Ethical considerations

The study was approved by the University of Western Cape’s Faculty Research Committee and the City of Cape Town, South Africa. Participants gave written consent for their participation. A separate consent form was used for the video-recording of the participant’s child receiving the medicine. Participants were informed that the material would be reviewed and the children’s behavior scored within the study team to determine whether CareCAT is used always in the same way.

Results

We enrolled 115 caregivers, of whom 104 completed the study, and whose children’s behavior during the medicine administration was scored by the caregiver, an observer and the tool developer (Fig. 2). Caregivers were mostly mothers of the children (94%), with median age of 29 years (interquartile range, IQR 25;33), most (95%) having had secondary school experience. The children’s median age was 6 months (IQR 2;15), 57% being girls (Table 1). As part of the reproducibility assessment, the observers scored 69 video-recordings of children receiving oral medicine.

Fig. 2
figure 2

Study profile to determine measurement properties of CareCAT

Table 1 Baseline characteristics of participating caregivers and observed children

Scoring patterns among the different users

The scoring of caregivers, observers and the tool developer resulted in a total of 12 scoring categories (Table 2), with the scoring pattern of the caregivers being slightly different from that of the observers and the tool developer. While the caregivers predominantly chose to report their observation in the form of a single score (88%), this was less frequent among the observers and the tool developer (58% and 62%, respectively). For example, caregivers reported ‘refusal’ alone in 11% of the administrations; but ‘refusal’ and ‘swallows well’ for 5%. In contrast, the observers reported ‘refusal’ alone in 1% and ‘refusal’ in combination with ‘swallows well’ in 16%. ‘Vomiting’ and ‘medication not taken’ were rare and usually reported in combination with ‘spitting’ and/or ‘refusal’ (Table 2).

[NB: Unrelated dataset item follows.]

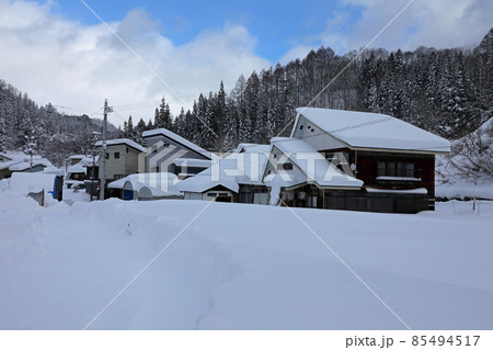 最奥の集落に雪積もる、青空と白い雲 福島県只見町
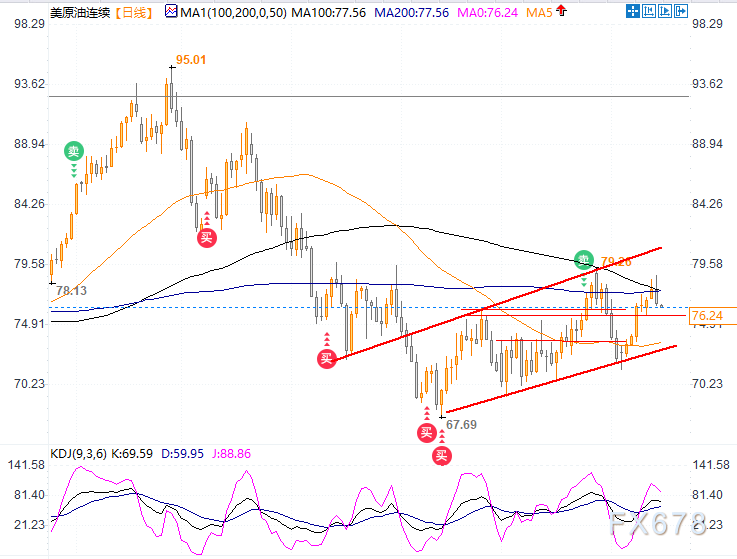 油价周四(2月15日)亚洲时段延续昨日的疲软态势,美WTI原油日内现跌逾0.4%创三天低点至76.18美元/桶一线,因油价昨日冲高回落并最终收跌,日图级别刚好收到100日均线及200日均线粘合处的联合压制。此外,此前有数据显示,美国原油库存增幅远超预期,引发了对美国需求的担忧。

Table 2 Patterns of scoring categories according to CareCAT user

CareCAT’s reliability based on the dichotomized scores

After dichotomizing the scores into positive or negative acceptance behavior, the CareCAT tool’s intra- and inter-rater agreement proved strong, irrespective of who was the user (Table 3). Importantly, 15% of the caregivers’ scores categorized as positive acceptance behavior were categorized as negative by the observers. The opposite – acceptance behavior categorized as positive by the observer’s but negative by the caregiver’s score – was rare (1%).

Table 3 Reliability of the CareCAT tool

When the scores were dichotomized on the basis of complete or incomplete medicine ingestion, the inter-rater agreement between the caregivers and observers was moderate (Table 3). There were a few occasions in which the ingestion of medicine was categorized as incomplete by the caregivers’ scores, but as complete by observers, and vice-versa (8 and 10%). Inter-rater agreement between observers and tool developer was strong, whereas the intra-rater agreement of the observers varied slightly between moderate and strong.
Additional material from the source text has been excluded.